Segundo os autores, é possível que o contato com a natureza reajuste algumas funções mediadas pelo nosso córtex pré-frontal, que podem estar prejudicadas por um excesso de contato com aparelhos eletrônicos, por exemplo. Simplificando um pouco, podemos dizer que os autores acreditam que estar na natureza pode ser um antídoto para um mal-estar ligado ao nosso excesso de conectividade virtual.
O estudo ainda é preliminar e precisa ser desenvolvido para se chegar a conclusões mais precisas sobre o efeito da natureza em nossa capacidade cognitiva.
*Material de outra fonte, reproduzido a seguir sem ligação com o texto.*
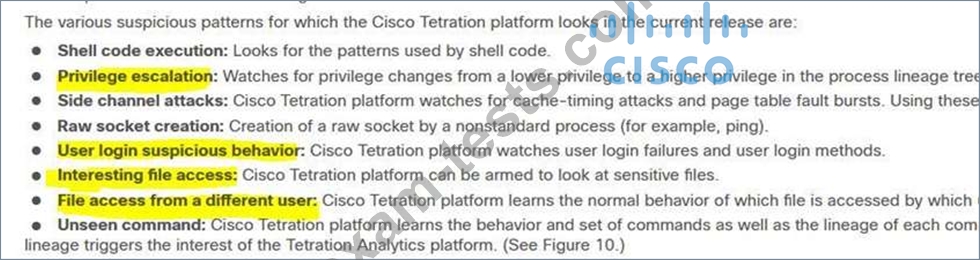 Drag and drop the suspicious patterns for the Cisco Tetration platform from the left onto the correct definitions on the right.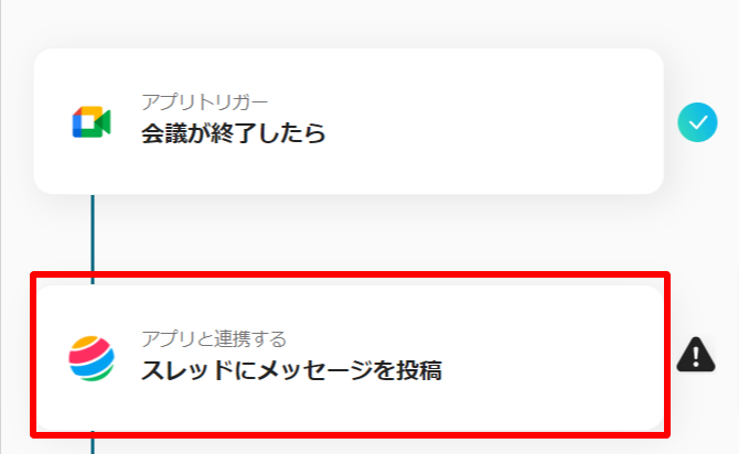 スレッドIDは候補から選択、メッセージ内容はGoogle Meetの設定で取得したアウトプットを使って設定しましょう。

O que fica de marcante é um interesse crescente em considerar como nossa mente muda quando colocamos nossa cabeça próxima do ambiente natural em que ela se desenvolveu.
Muitas outras experiências preliminares poderiam ser citadas. Um programa de rafting e caminhada para veteranos do exercício americano ou um programa de trilhas nas montanhas do Colorado para mulheres vítimas de abuso são apenas dois exemplos. É verdade que o poder dessas experiências como adendos aos tratamentos profissionais ainda está sendo estudado (não temos evidência científicas sólidas, ainda). Mas os testemunhos dos envolvidos são impressionantes: cada um deles se diz transformado após três dias, em média, de contato profundo com a natureza.
É preciso esperar a área se desenvolver antes de recomendar esses passeios como forma de tratamento para transtornos mentais. Não estamos, de modo algum, em um momento em que esse tipo de iniciativa poderia substituir tratamentos psicológicos ou psiquiátricos tradicionais. Mas é animador pensar que mais uma arma pode estar surgindo no combate a esses problemas.
Seja como for, eu posso, com confiança, dizer da minha experiência: há algo transformador na massagem gelada de uma cachoeira – e que não se compara a uma ducha em casa.